Question 2. Anyone have experience with the Bigfoot B2 decoys? How do they old up? Do they need to be bagged?

Thanks in advance for any help.


----------



## dsm16428 (Feb 19, 2009)

gonehunting said:


> I just purchased three dozen original bigfoot decoys. I bought them because I was tired of bagging my Dakotas after each hunt(loved the Dakota decoy but too much effort to put out and take down spread). I have heard of people screwing on heads and feet of bigfoots. However my feet seem to be tight as are my feeder heads. My actives on the other hand don't seem that tight when grabbing the decoy by the head. I don't want to put drywall screws in my new decoys but on the other hand I want to be able to replace the heads at some point once flocking is worn. I have heard of people using gorilla glue or silicone. Can a person get them off if you use one of these options?
> 
> Question 2. Anyone have experience with the Bigfoot B2 decoys? How do they old up? Do they need to be bagged?
> 
> Thanks in advance for any help.


Wait?! You got tired of bagging your...Dakotas??!! They are about the ONLY decoy made under $1000.00/dozen that are even near as tough as BF's, and every guy I know that owns them, doesn't bother bagging them and just throws em in the trailer and they have had ZERO issues with them. As far as a "permanent" method to attach the heads to your new originals, I would look into some PVC pice dope and activator/cleaner. You'll have to be carfell not to use too much so that it doesn't melt the body plastic and work fast once you go to attach the heads, but that stuff is made to basically fuse the plastic together, making for a VERY STRONG joint bond.

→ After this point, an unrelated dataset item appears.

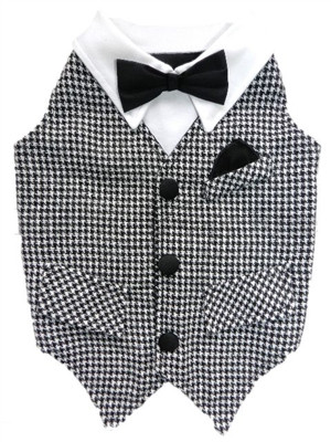 Dress up your pup with this draper dog tuxedo vest.

The B2's are no where near as tough as the originals and in fact cannot be considered in the same class as them OR your Dakotas for that matter. They are basically nothing more than a slightly toughened up GHG that happens to look like a BF. The body is rigid and the paint can and will chip if you try to treat them like your originals. BUT!...Cabela's has them for a whopping $139.99 a six pack right now...in fact that's the ONLY way they were able to sell any the last time they put them in the bargain cave.


----------



## Kelly Hannan (Jan 9, 2007)

I never had any issues with the heads falling off my BF's. Feet sometimes. If the heads are attached and locked into place they shouldn't come off. If they do, contact Bigfoot(clinton decoy co.) maybe they will send replacements.


----------



## dakotashooter2 (Oct 31, 2003)

If you are using a small light trailer like I do it is not unusual for a few feet and heads to work loose. I screwed in the feet but have not bothered with the heads because I usually have to remove a few to get them all in my trailer. Generally if the heads come off it is because they get turned to the position that releases them or close to it. Short of gluing or pinning them I'm not sure there is a solution.


----------



## bjn (Jul 17, 2003)

You aren't the only one that gave up on Dakota's. I ran three dozen for 4 years, bagged every time, and still replaced 16 heads during that time even with the extra 20 minutes set up and take down time every day. I loved their realism and movement, but got tired of it when I could just take the socks off the bigfoots and throw them out and not worry about it. I do have to admit that Bill at Dakota decoys was wonderful as he sent replacement heads out 3 times at no charge, no questions asked. I bought the B2's to replace the Dakota's and have had good luck thus far. Will have to see how they hold up in December with colder temps as that is when the Dakota's got really bad, but so far so good. Being a self admitted decoyaholic, I have tried them all but still have the bigfoots I bought 20 years ago while the others are long gone.


----------



## xTrMWtRFwLr (Jul 28, 2009)

dsm16428 said:


> Wait?! You got tired of bagging your...Dakotas??!! They are about the ONLY decoy made under $1000.00/dozen that are even near as tough as BF's, and every guy I know that owns them, doesn't bother bagging them and just throws em in the trailer and they have had ZERO issues with them. As far as a "permanent" method to attach the heads to your new originals, I would look into some PVC pice dope and activator/cleaner. You'll have to be carfell not to use too much so that it doesn't melt the body plastic and work fast once you go to attach the heads, but that stuff is made to basically fuse the plastic together, making for a VERY STRONG joint bond.
> 
> The B2's are no where near as tough as the originals and in fact cannot be considered in the same class as them OR your Dakotas for that matter. They are basically nothing more than a slightly toughened up GHG that happens to look like a BF. The body is rigid and the paint can and will chip if you try to treat them like your originals. BUT!...Cabela's has them for a whopping $139.99 a six pack right now...in fact that's the ONLY way they were able to sell any the last time they put them in the bargain cave.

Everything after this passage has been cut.